# Fitout of a new Revo



## Guest (Dec 15, 2009)

Hello to all,
I'm new to the site and have been reading various posts with a lot of interest. As yet I am a kayak virgin and am looking at purchasing and fitting out a Hobie Revo in the New Year. I live in Brisbane and intend to use fishing it in Moreton bay and off the Sunshine and Gold Coasts. I'm pretty sure it's going to be the best fit for what I want to do (chase snapper and small pelagics). Before I get jumped on about safety in open waters, I've been fishing in partially smooth and open waters in small boats for most of my life and have a pretty good concept of what I can and can't do. I don't intend on making my initial voyages solo and when it comes to it, I'd love some company if anyone is interested.
Among other things I'm planning on installing a GPS, sounder and forward rod holders. Is a hand held radio a good idea or an unnecessary expense? Anchoring&#8230;? Are the small folding anchors any good or do they snag easily and become hard to pull up? I'd love input from people as to what they have installed on their yak and specifically what electronics are going to give me good service and readouts whilst not matter if they get a pretty solid dunking.
I'll look forward to hearing anyone's thoughts.
Tight lines
Jon


----------



## Revo (Aug 3, 2008)

G'day nezevic. Hope you're getting excited about getting your Hobie revolution - they're a great yak. You raise a number of questions ... many of which will be answered if you do a search on this forum.
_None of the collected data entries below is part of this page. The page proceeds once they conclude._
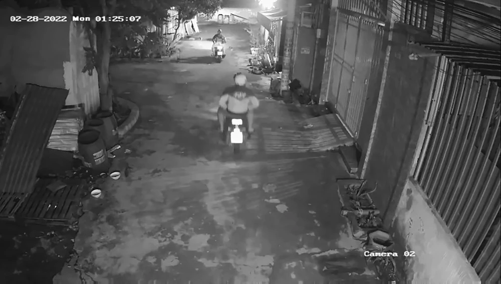 Nhóm sáu thanh niên đi xe máy đến nhà của chị N để bắt trộm gà. Ảnh chụp từ clip
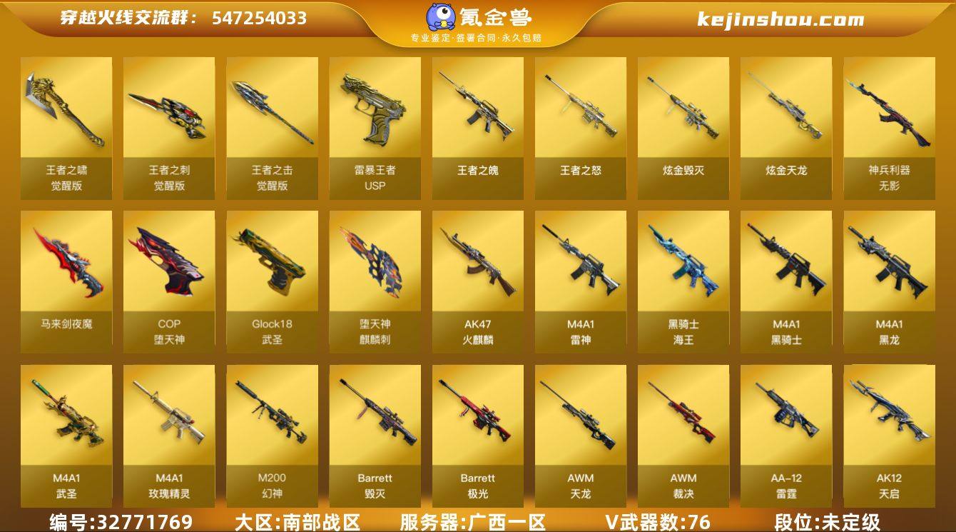 广西一区-86V-16王者武器数-4炫金武器数 【热门武器】:QBZ03-金色蔷薇,Scar Light-白虎,HK417-朱雀,M4A1-青龙,M200-幻神,死亡之眼,荣耀世冠-雷神,柯尔特-冠军之特,M4A1-黑骑士*3,汤姆逊-烈龙*4,RPK-盘龙,加特林-炼狱*4,降世魔童,COP-堕天神,沙鹰-修罗*2 【王者炫金武器】:王者之魄,王者之怒*2,USP-雷暴王者,炫金骑士,炫金毁灭,炫金天龙*2 【音效卡】:M4A1-雷神音效卡,M4A1-黑龙音效卡,M4A1-黑骑士音效卡,Barrett-毁灭音效卡,Barrett-极光音效卡 【皮肤】:幻神-KZ-CFPLS25冠军 皮肤,白虎-巅峰荣耀 皮肤,白虎-量子聚变 皮肤,QBZ03-冠军之薇,QBZ03-巅峰荣耀皮肤,AWM-裁决-百城联赛天津皮肤,星神-拼搏 皮肤,汤姆逊-烈龙-末日皮肤,雷神-暗月,火麒麟-雷神,火麒麟-冠军之心,火麒麟-平天大圣,火麒麟-心动糖果,毁灭-星空,毁灭-冠军之怒,毁灭-CFS2020,毁灭-黑大圣皮肤,毁灭-航天科技皮肤,黑龙-能量核心,黑龙-暗月,M4A1-黑龙-361,黑骑士-冠军之势,战神-粉色甜心皮肤,战神-紫绶金章皮肤,战神-流金岁月皮肤,AK47-B-常胜将军-刘备*2,AK47-B-常胜将军-孙权,极光-能量核心,屠龙-春桃 皮肤,擎天-秘银 【角色】:葵,王者-瞳-闭月羞花...
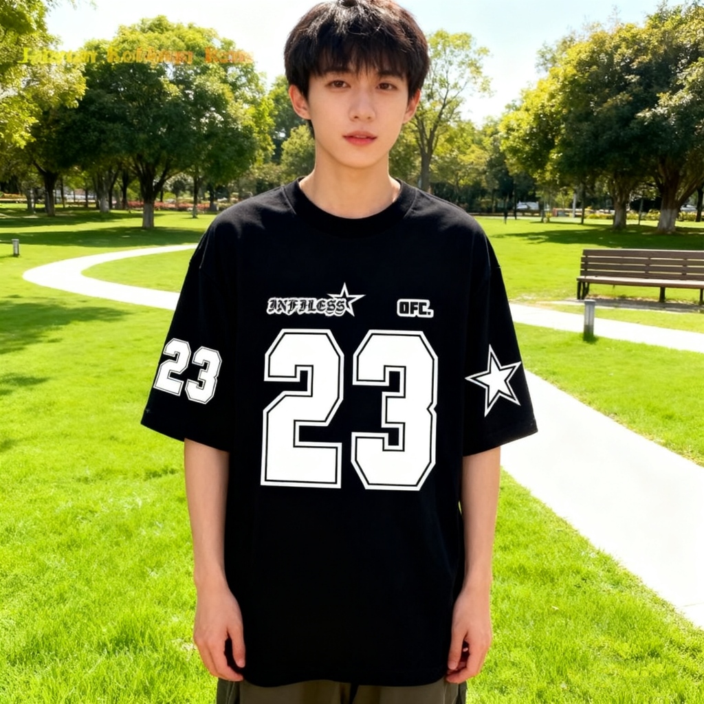 kaos T - Shirt Putih Katun Murni, Pria Wanita, Motif Angka 23 dan Bintang Keren, Gratis Ongkir
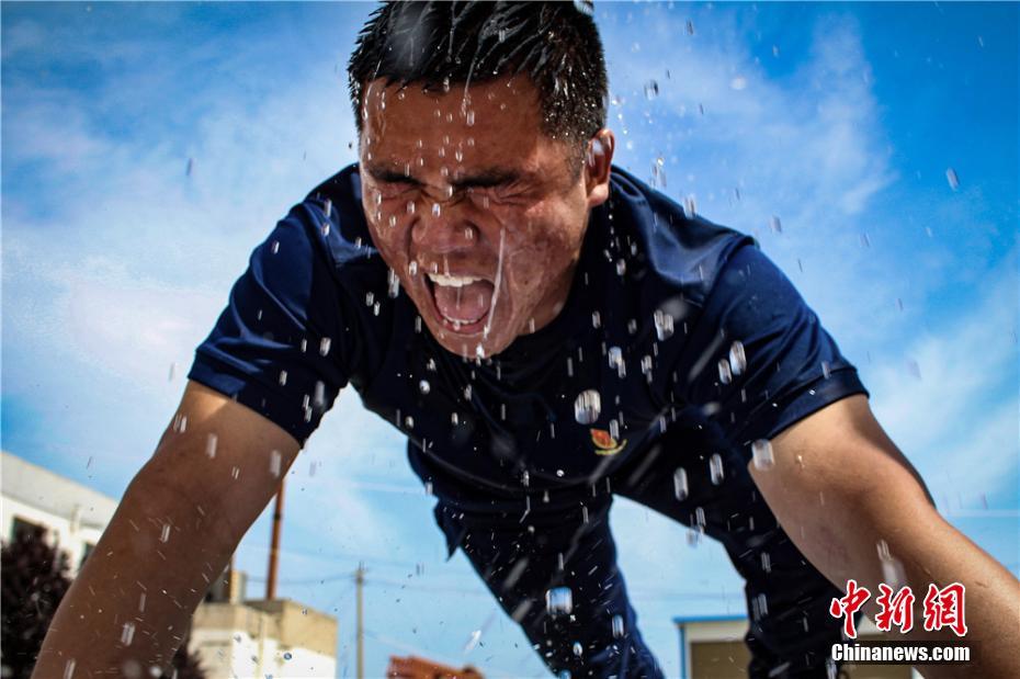 6月上旬,甘肃省森林消防总队平凉市支队开展“极限训练”。烈日下,消防员挥汗如雨,此次高难度大强度训练包括手翻百斤轮胎、综合体能竞技、单杠卷身上等科目,旨在提高森林消防员综合能力和磨砺血性韧劲。图为森林消防员在做俯卧撑时挥汗如雨。张广魁 摄
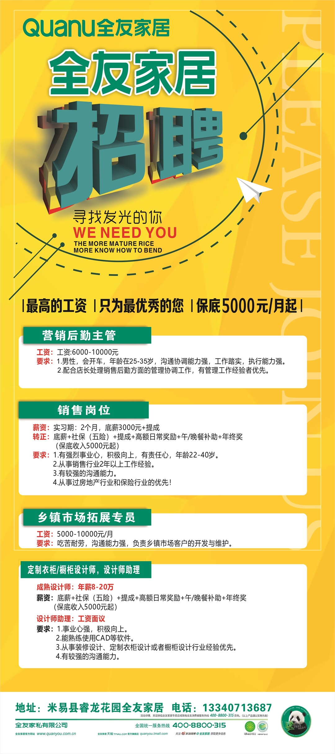 要求:1、熟手优先.2、能吃苦耐劳3、年龄25-50岁4.开朗外向,擅长推销物品。
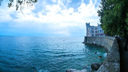 The sea side of Miramare Castle in Trieste, Italy
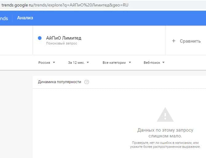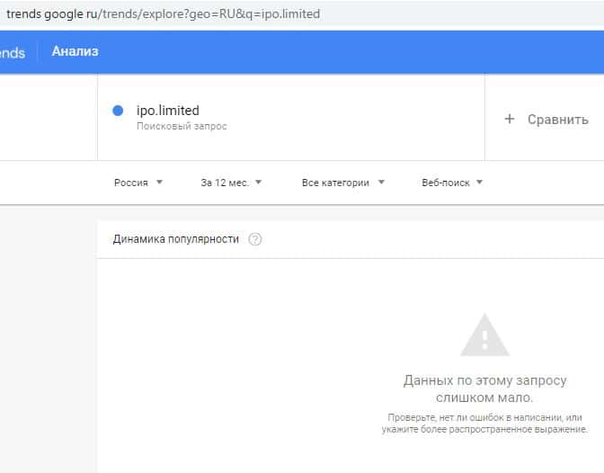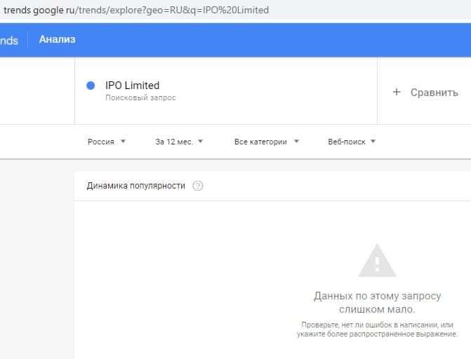 По бренду "IPO Limited" тоже нет данных по запросам. Вероятнее всего, мошенники АйПиО Лимитед не оптимизировали свои данные для поисковой системы Google. А это свидетельствует о том, что они шифруют свою жульническую деятельность.
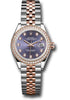 28mm Everose Rolesor case comprised of a 904L steel monobloc middle case, screw-down steel back, 18K Everose gold screw-down crown with twinlock double waterproofness system, 18K Everose gold diamond bezel, scratch-resistant sapphire crystal with cyclops lens over the date and double anti-reflective coating, aubergine dial, diamond hour markers, Rolex calibre 2236 automatic movement with center hour, minute and seconds hands, instantaneous date with rapid setting, and stop-seconds for precise time setting, Everose Rolesor Jubilee bracelet comprised of a combination of 904L steel and 18K Everose gold in five-piece links, concealed folding Crownclasp buckle. Waterproof to 100 meters.
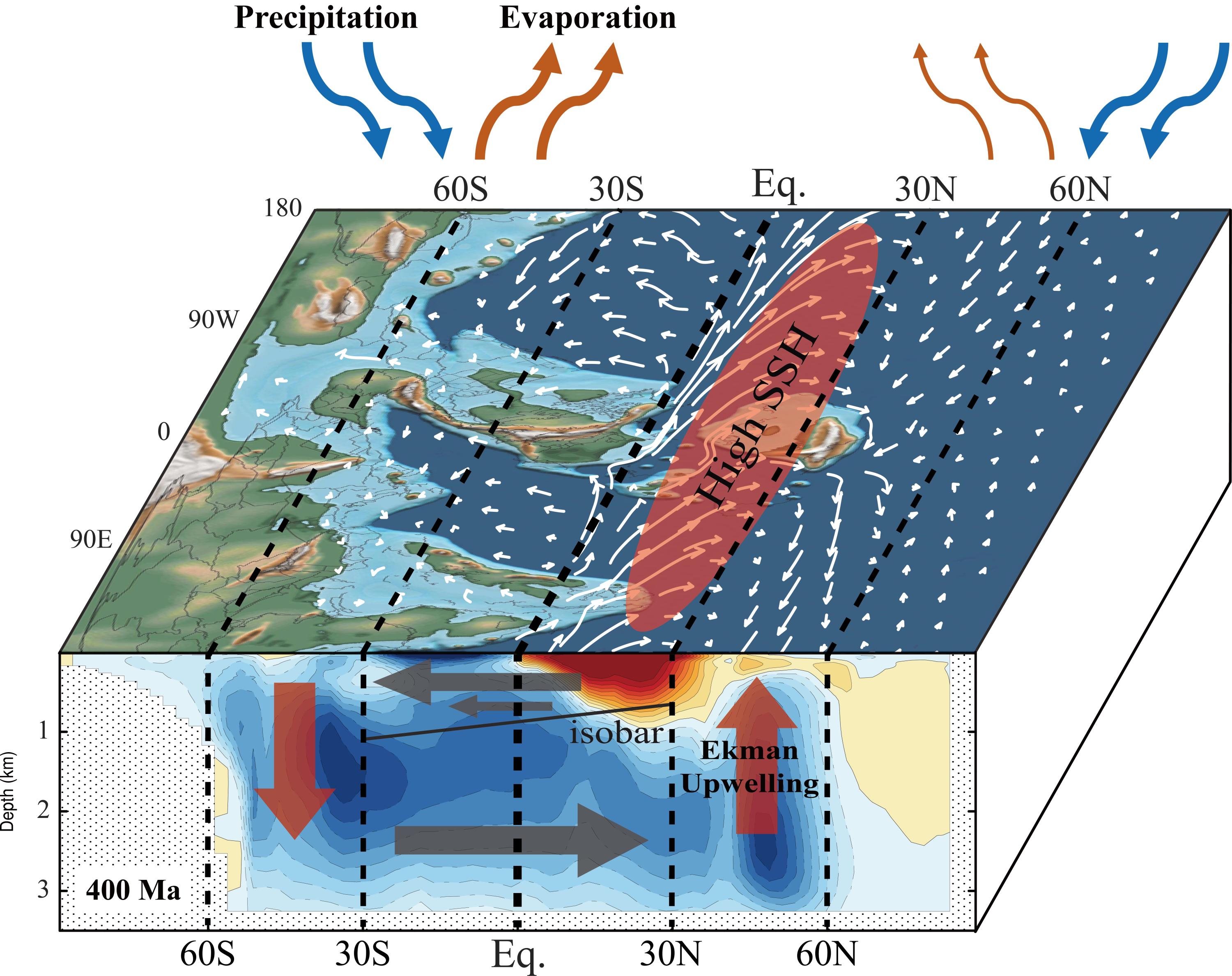 欧冠官方网站大气与海洋科学系胡永云教授团队对古生代(5.4-2.5亿年前)全球海洋经向翻转环流的演变及其主控因子进行了系统数值模拟研究,成果最近发表在《科学进展》(Science Advances)。
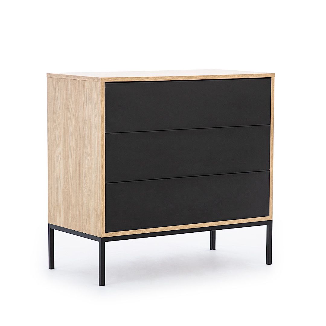 Komoda BLACK LOOFT 3S - je elegantní komoda vyrobena v barevném provedení černá / dub olejový v kombinaci s černým kovovým rámem a v industriálním stylu.
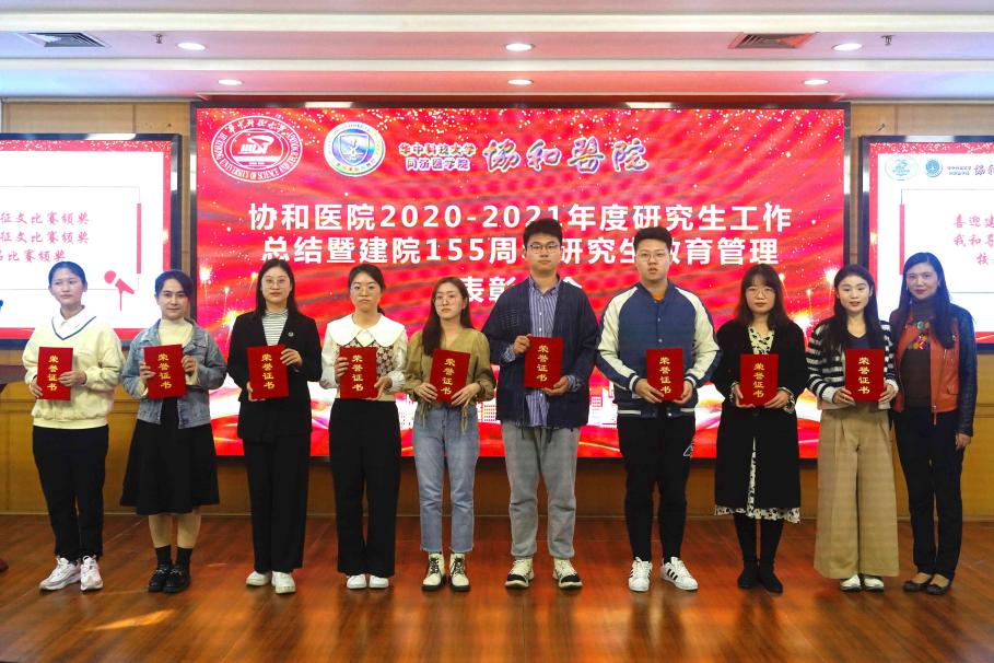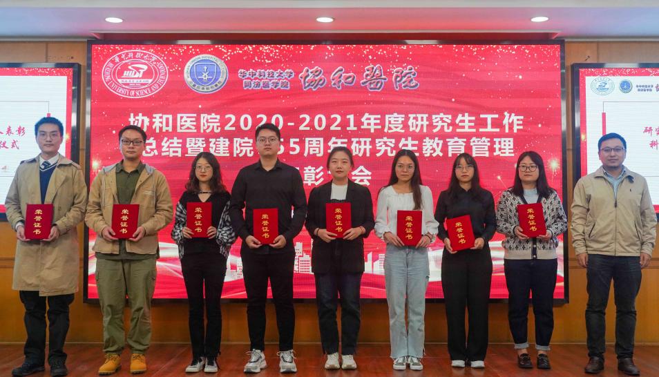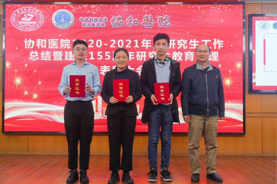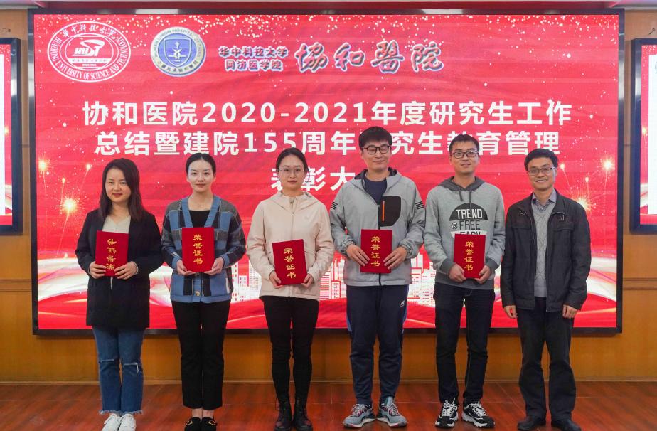 协和医院党委办公室主任袁柏春和协和医院党委组织部部长龙洪波为2020-2021年度研究生七一表彰评选先进集体和个人、研究生党校优秀学员颁奖。协和医院党委宣传部部长王继亮为2020-2021年度研究生创新创业先进集体和个人颁奖。协和医院团委书记张方方为2020-2021年度研究生五四评优、校“百生讲坛”活力团支部、研究生会优秀成员颁奖。协和医院研究生党委书记梅恒主持会议,并为2020-2021年度研究生优秀社会实践团队和科普大赛获奖人员颁奖。协和医院研究生党委副书记欧阳真为2020-2021年度研究生文体竞赛获奖人员颁奖。
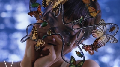 妆容同样为这组大片赋予了强烈的视觉符号。深邃眼妆衬托锐利眼神,冷艳中透出高级质感;而粉色大面积晕染眼周与颊彩,搭配浓郁红唇与黑色蜘蛛饰物,展现出前卫张扬的个性氛围。艺术与时尚在她身上达成完美融合。
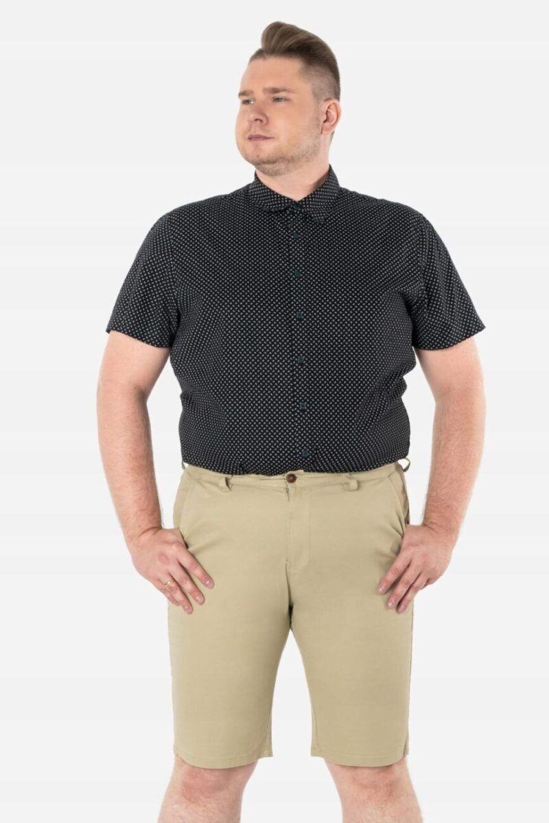Uszyte z cienkiej tkaniny bawełnianej z niewielkim dodatkiem lycry, o sprawdzonym przez wielu klientów kroju, lekkie i wygodne idealne na co dzień jako element casualowego stroju czyniąc go lekkim i dostosowanym do wysokich temperatur. Naturalna bawełna gwarantuje świetną przepuszczalność powietrza, wchłanianie potu i oddychanie skóry, a niewielki dodatek lycry sprawia, że spodenki są bardziej elastyczne co pozwala na pełną swobodę ruchów, daje wygodę przy siadaniu i zapewnia ogromny komfort noszenia. Wykonane według najnowszych trendów przewidzianych na ten sezon. Zapinane na kryty zamek błyskawiczny i guzik. Z przodu ukośne, klasyczne kieszenie na dłonie, z tyłu dwie kieszenie wpuszczane. W pasie szlufki umożliwiające stylizacje z paskiem. Najmodniejsza obecnie długość nogawki w „kolano”. Idealne na co dzień jako element casualowego stroju czyniąc go lekkim i dostosowanym do wysokich temperatur.
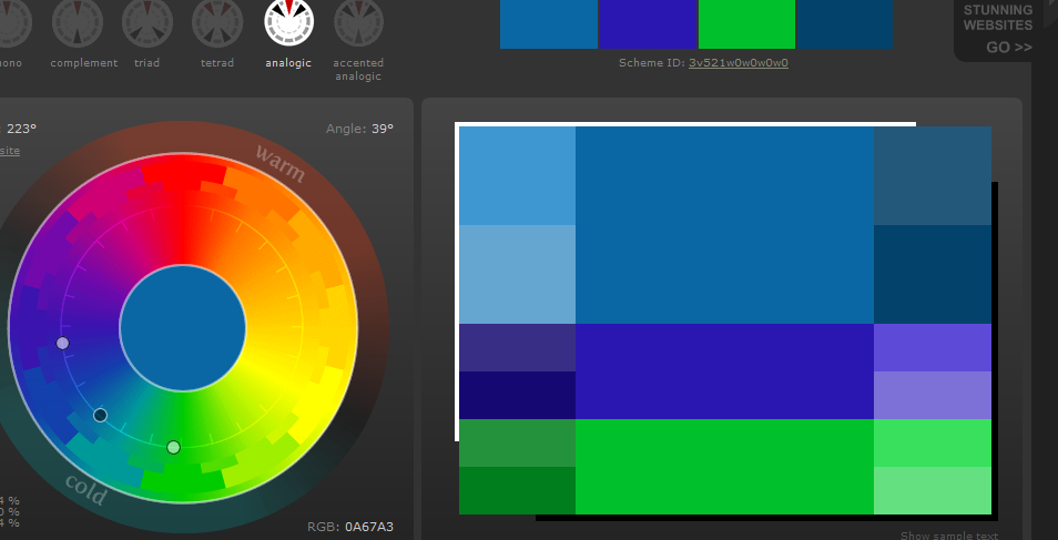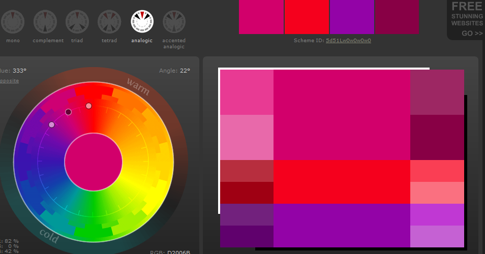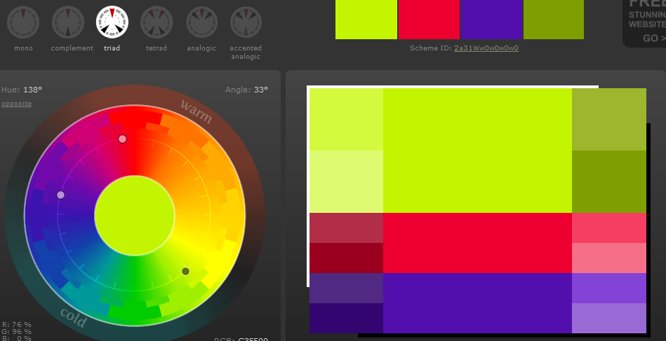 A note - Color Scheme Designer 3 is my go-to tool online for quilty color schemes. All the pictures are screenshotted (screenshot?) from this fabulous website. You can actually click the buttons to show you the combinations I'll demonstrate, and then whirl the color wheel around to your liking - how nifty is that? Okay, go play for a minute, then rejoin me here :)
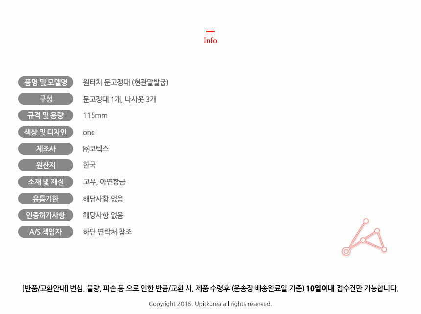 • 반품/환불조건: 도착후 1주일 이내 사용하지 않은 상태에서 가능합니다,초기제품 이상의 경우 동일한 제품으로 1:1 교환원칙, 사용후 제품이상은 A/S를 원칙으로 합니다,
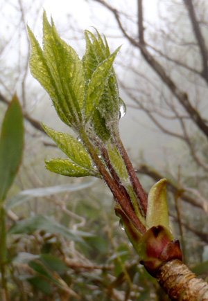 4〜5月、新芽の部分を摘む。タラノキもそうだが、こうした新芽は脇芽を採って先頭部分は採らないように 気をつけたい。全部採ってしまうと木は死んでしまう。枝ごと採って来てバケツに差して新芽が出るのを待つようなアホな輩もいるそうだ。 自然の恵みを分けていただく謙虚さが欲しい。

In terms of using anchors and snagging issues, there are some options to help manage those issues, for example see the thread:

http://www.akff.net/forum/viewtopic.php?f=9&t=33056

For the forward mounted rod holders on my revo, I've used the RAM mount system and their RAP119 rod holders (not expensive to order from the RAM site overseas).

For fitting sounders and gps units, there are many options (do a search on the site). I've installed a combo unit (a Garmin 450S unit) and this thread shows how this was installed:

http://www.akff.net/forum/viewtopic.php?f=14&t=18687&p=201870&hilit=garmin+450s#p201870

http://www.akff.net/forum/viewtopic.php?f=14&t=18689&p=201875&hilit=garmin+450s#p201875

Hope this helps with your thinking about fitting out your new revo.

All the best and welcome to the site.


----------



## keza (Mar 6, 2007)

Such big plans. And you were a virgin, my how things change


----------



## Stealthfisha (Jul 21, 2009)

Bloody virgin? WTF!!!!!!
Bugger me dead and paint me blue fairdinkum Nez! 
I thought for all this time you were just modest like me and was reluctant to brag?

never would have guessed?
You had better pimp it bloody good with all the info on here and dont play coy and ask stupid questions to make us feel good ok? 

bloody virgin.....fair crack of the whip...


----------



## krustayshen (Oct 14, 2013)

Well that's a blast from the past. Did you catch any on that first voyage, and hope you did not bother using one of those anchors.


----------



## Stealthfisha (Jul 21, 2009)

nezevic said:


> http://www.akff.net/forum/viewtopic.php?f=17&t=40506&p=420283#p420283 here's my trip report. I think i took the anchor out once. It hangs in the shed alongside the didgeridoo hobie paddle as a reminder of things never to buy for a kayak.


classic Nez


----------